So back in May, my mom and I went shopping to celebrate my birthday and Mother's Day. We went a bunch of places and got some pretty cute stuff. But the first place we went was Macy's, intended to be a quick stop, that ended up being over an hour of shopping and trying on clothes. During this time, we discovered the very front section of the store where they keep the really cute but rather too expensive junior size items, stuff that actually fits me and is totally my style but I can't really afford.
For fun, we tried on a bunch of stuff. I found a retro Journey t-shirt I liked ($60!) and a vest covered in beads and metal that probably weighed several pounds. And then there was the skirt.
The skirt was a tiered mini, purple with white hearts all over it and an exposed zipper that was supposed to be in the front but I liked better in the back. It fit perfectly and I loved it. But for fifty dollars, I was a little hesitant. After all, the day had just started, and I didn't want to spend too much right away. I could always come back for it later, right?
Well, I didn't buy it that day. But I didn't forget about it either. So the next time I went to Macy's I looked for it. Of course it was gone. I tried online, but I couldn't remember the brand. I scoured the skirt section of the website, but no luck. The skirt had gotten away.
Cut to two days ago. Joe was working, and I was killing time until I could go pick him up. I went to the mall. I went to Macy's. I browsed the same front section of the store. I checked the clearance.
And there it was.
Not only was it there, it was the only one. And in my size. And forty percent off.
Apparently, whoever had ended up buying the skirt had kept it for a couple of months and returned it, and it just so happened to be there the same day as I was. And only go to that Macy's once every month or two. So of course I tried it on again. And wanted it. But I had just bought another skirt minutes before, and though forty percent off is great, it was still thirty bucks on top of the twenty five I had just spent. So I decided to think about it. I left and went to a bunch of other stores. I resisted temptation.
You might think that I felt victorious or proud that I didn't buy the skirt right away. But instead I felt anxious, nervous. What if somebody else bought it while I was shopping? Should I just go back and get it? Should I buy it at all? Shouldn't I be careful with my money, since I don't have much disposable income? I was confused, my mind going back and forth, unsure of what to do.

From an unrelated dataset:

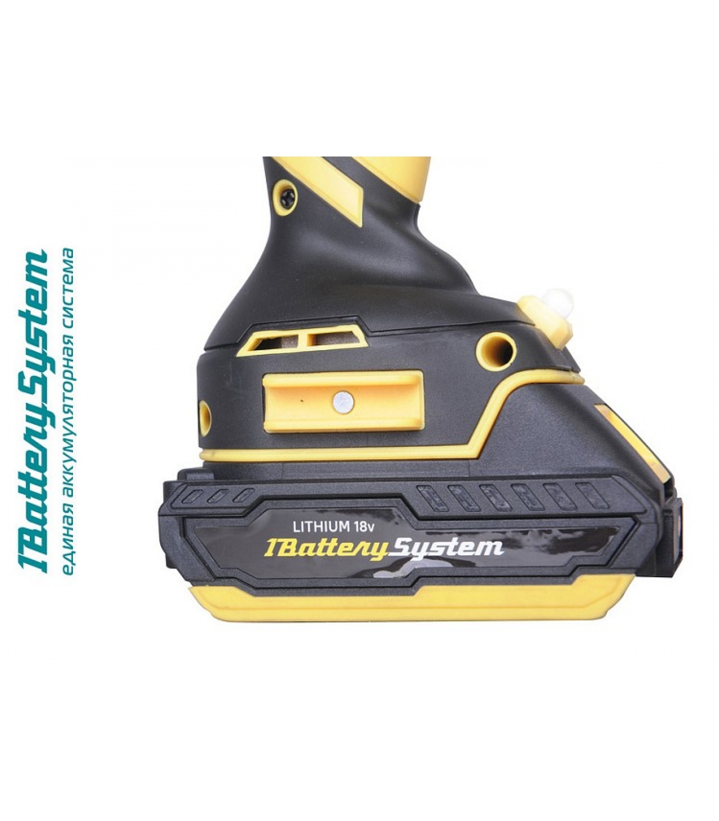 Данная модель является частью системы 1BatterySystem и совместима со всей линейкой аккумуляторного инструмента. Два Li-Ion аккумулятора на 2 Ah с до 3000 зарядок и собственной системой защиты от перегрузки, перегрева и глубокого разряда обеспечат полную непрерывность в работе. Функция быстрой зарядки зарядного устройства полностью восстановит работоспособность аккумулятора всего за 60 минут или за 35 минут до 80%.

After an hour or so, I noticed a store starting to close. Then another. It was Sunday--the mall was closing at six! And I was on the other side of the mall from Macy's! It was decision time, and now I knew what to do. I wanted that skirt. For three months I had thought about it, and I knew if I didn't get it now I would always remember it and kick myself for not buying it. But did I have enough time? Would Macy's close before I could get there?

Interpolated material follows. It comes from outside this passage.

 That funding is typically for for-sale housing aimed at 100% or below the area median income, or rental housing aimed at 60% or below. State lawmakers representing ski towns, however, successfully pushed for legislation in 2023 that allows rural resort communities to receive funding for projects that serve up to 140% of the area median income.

Luckily, I made it. I whisked in, grabbed the skirt and bought it. The sales clerk admired it, and as the transaction was completed I placed the skirt in my bag and left the mall. It felt right.
And here it is:
As I said, the zipper is supposed to be in front, but it looks a bit strange that way to me, so I wear it in back. I love the heart print, it's cute but not too precious.
Rings worn with my outfit: white gold band from Joe, sapphire and diamonds unclaimed from a lost and found, aquamarine birthstone my mom's from high school.